The louder you shout, the easier it is to hear someone at a distance. Louder noises make bigger sound waves that have the power to travel further before they get soaked up by bushes, trees, and all the clutter around us. The same is true of radio waves. To make radio waves that are strong enough to carry radio and TV pictures many miles from a TV station to someone's home, you need a really powerful transmitter. This is effectively a giant antenna (aerial), often positioned on top of a hill so it can send signals as far as possible. Not everyone receives TV signals transmitted through the air in this way. If you have cable television, your TV pictures are "piped" into your home down a fiber-optic cable laid beneath your street. If you have satellite television, the picture you see has been bounced into space and back to help it travel from one side of the country to the other. With traditional television broadcasting, picture signals are sent in analog form: each signal travels as an undulating (up-and-down moving) wave. Many countries are now switching over to digital television, which works in a similar way to digital radio. Signals are transmitted in a numerically coded form. Many more programs can be sent this way and, generally speaking, picture quality is better because the signals are less susceptible to interference as they travel.

TV receivers
It doesn't really matter how the TV signal gets to your home: once it's arrived, your TV set treats it exactly the same way, whether it comes in from an antenna (aerial) on the roof, from a cable running underground, or from a satellite dish in the garden. Remember how a TV camera turns the picture it's looking at into a series of lines that form the outgoing TV signal? A TV set must work the same process in reverse to turn the lines in the incoming signal back into a faithful image of the scene that the camera filmed. Different types of TV sets do this in different ways.

Photos: Early TV receivers. Left: A typical black and white TV from 1949. Note the tiny screen. Right: An HMV 904 combined TV and radio unit from about ten years earlier. The loudspeaker is on the left, the radio tuning dial is in the center, and the TV screen (again tiny) is on the right. Both use cathode-ray tube technology and are exhibits from Think Tank, the science museum in Birmingham, England.

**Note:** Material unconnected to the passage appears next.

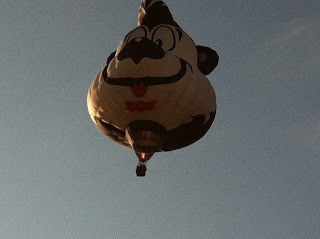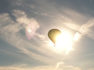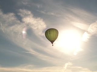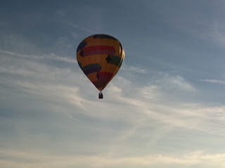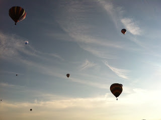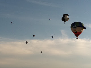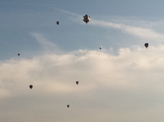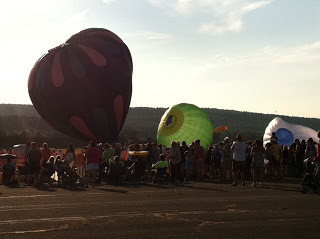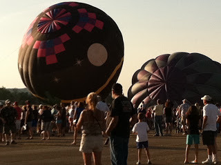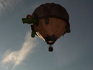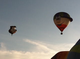 Approximately two dozen balloons were on the ground, ready to fill and billow into the sky. Some never made it off the ground, and sadly, my favorite - a purple dinosaur balloon - was in that category. Balloons filled, tottered for fifteen minutes, then collapsed. Others filled and simply rose. In the end, almost twenty balloons filled the sky - all at once!

Fotografii: Televizoare timpurii. b stanga se afl un televizor alb-negru din 1949. n dreapta: Un HMV 904 care a combinat un TV si un radio intr-o singura unitate cu aproximativ 10 ani mai devreme.Difuzorul se afl in stanga si cranul TV in dreapta. n mijloc se afl un panou care ne arat frecvenele radio. Ambele folosesc tuburi catodice si sunt exponate la muzeul de stii Think Tank din Birmingham.